§ INFORMATION SHOWN
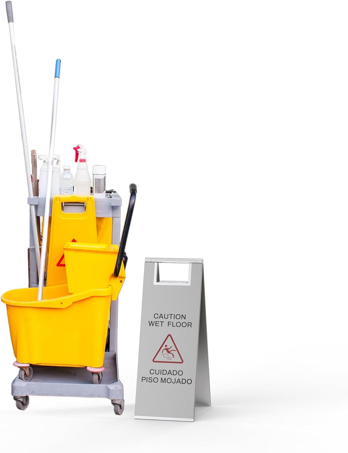 Stainless Steel Wet Floor Sign 2 Pack, 24 Inch Double-Sided Foldable Caution Sign with Handle, 8.8 lb Bilingual Warning for Restaurant, Office, Commercial Cleaning Use, Silver
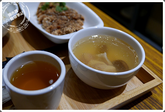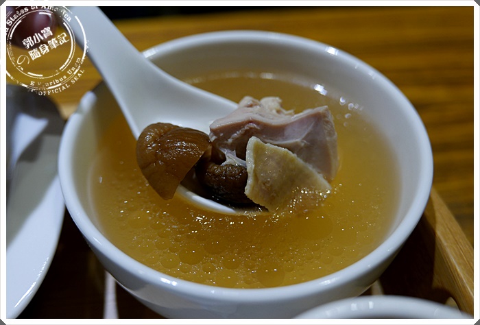 | 前面原本都看配湯是味增湯,沒想到輪到寶妹的上餐後味增湯賣完了,老闆換了香菇雞湯給我們享用,其實是我們賺到了XDDD,使用曬過的香菇,還有整碗湯的鹹度比例抓得很好,喝起來實在是過癮。 |
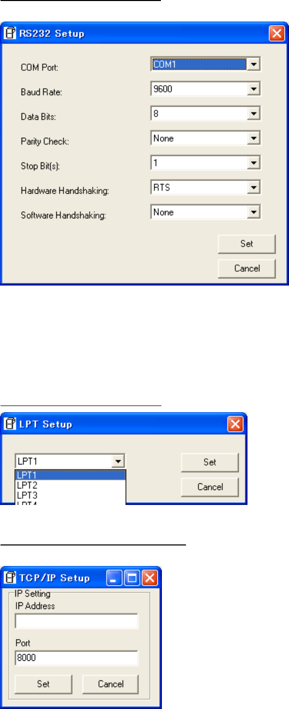 USB, COM (Serial), LPT (Parallel), or ETHERNET (LAN) can be selected.

§ YOUR OBJECTIVE
A verbatim copy of the listing, with all pictures removed, is required.

§ YOUR SOLUTION
 Stainless Steel Wet Floor Sign 2 Pack, 24 Inch Double-Sided Foldable Caution Sign with Handle, 8.8 lb Bilingual Warning for Restaurant, Office, Commercial Cleaning Use, Silver
 | 前面原本都看配湯是味增湯,沒想到輪到寶妹的上餐後味增湯賣完了,老闆換了香菇雞湯給我們享用,其實是我們賺到了XDDD,使用曬過的香菇,還有整碗湯的鹹度比例抓得很好,喝起來實在是過癮。 |
 USB, COM (Serial), LPT (Parallel), or ETHERNET (LAN) can be selected.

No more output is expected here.